Земля должна принадлежать тем, кто ею пользуется. Дело доходит до стычки с настоящими владельцами земли из Вермонта. Настоящие фермеры полагают, что частная собственность – это правильно. «Вольные фермеры» пытаются объяснить настоящим фермерам, что отсутствие свободной земли – это неправильно. Обе стороны явно идут к конфронтации. В сложившуюся ситуацию вносит определенную интеллектуальную сумятицу либерально настроенный местный колледж искусств. Ральф ездит в Вермонт каждые выходные, чтобы посмотреть, не произошло ли столкновения. Возвращается он с кучей отснятых роликов.

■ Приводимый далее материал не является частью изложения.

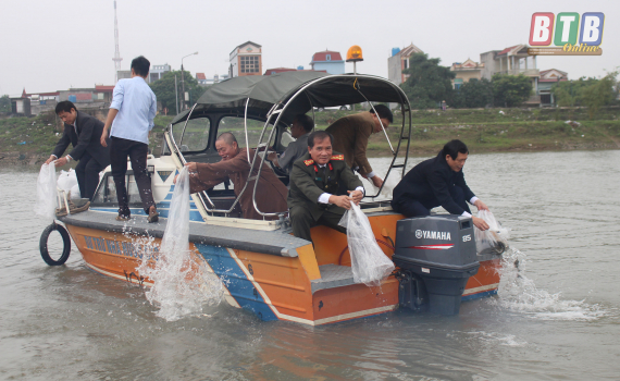 Nhân dịp này, các đồng chí lãnh đạo tỉnh, sở, ban, ngành, đoàn thể, huyện, thành phố tham gia thả giống thủy sản trên sông Trà Lý (thành phố Thái Bình) góp phần khôi phục, tái tạo và phát triển nguồn lợi thủy sản.
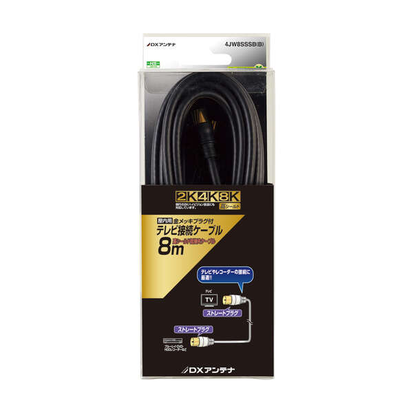 既存の2K放送から4K・8K(3224MHz)放送まで対応した製品です。壁のテレビ端子とテレビやレコーダーなどの接続に最適な、接続ケーブルです(8m)。両端ワンタッチ式ストレートプラグを採用。低損失な4Cケーブルです。プラグ部分は金メッキで接触不良を防ぎます。ケーブル色 ブラックタイプ。
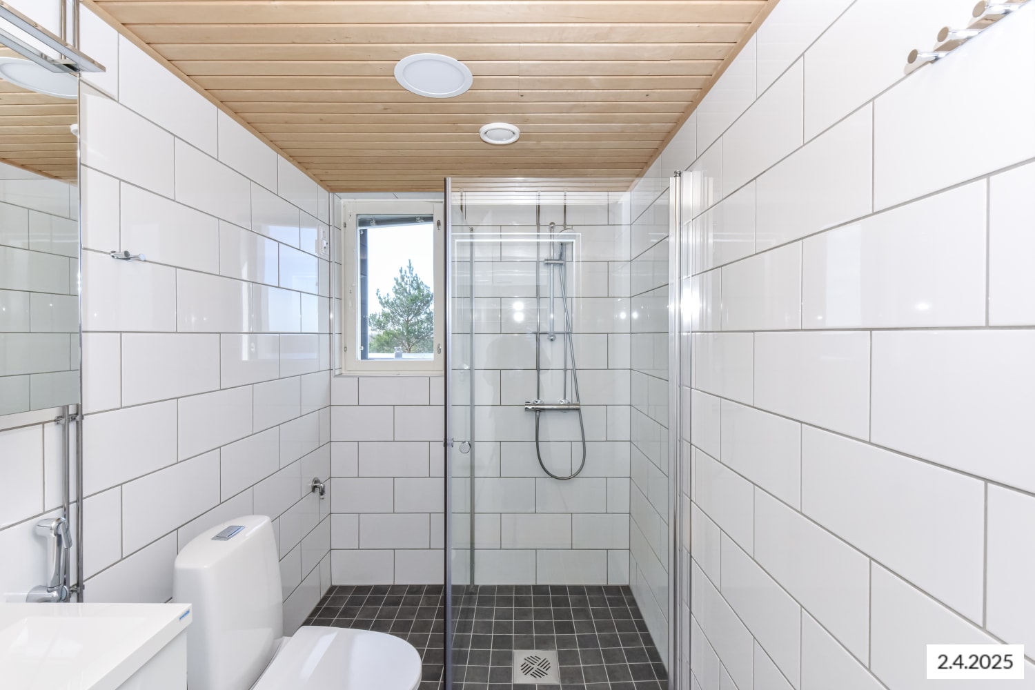 The floors are light-colored oak laminate and the walls are painted white. The kitchen cabinet doors are white and the space between the top and bottom cabinets as well as the worktop are gray laminate. Home appliances are integrated in the kitchen. The bathroom is tiled throughout: the walls have a white, brick-laid tiling and the floor is gray. The stylish bathroom fixtures are made of white laminate. The washing machine and tumble dryer have their own space. All cabinets and closets are domestic production of Kankarin Kaluste.

– Конфликт все еще зреет, – говорит он.
– Когда наступит зима, – говорю я ему, – эти ребята замерзнут, оголодают и сами уйдут с земли.
– Тогда мы заснимем их исход, – говорит он.
– Может, никакой заварушки не будет вовсе, – высказываю я предположение.
– Может, и не будет, – соглашается Ральф, и Тюльпен приподнимает свою грудь обратной стороной ладони.
Этот жест раздражает Ральфа. Тюльпен уже работала с Ральфом, когда я приехал в Нью‑Йорк; Ральф дал ей работу, потому что она с ним спала. О, это было давно. Тюльпен ничего не смыслила в монтаже фильмов, но Ральф показал ей, как это делается. Когда она научилась делать это очень хорошо, она перестала спать с ним. Ральф не выгнал ее, потому что она потрясающий монтажер, но временами этот жест выводит его из себя.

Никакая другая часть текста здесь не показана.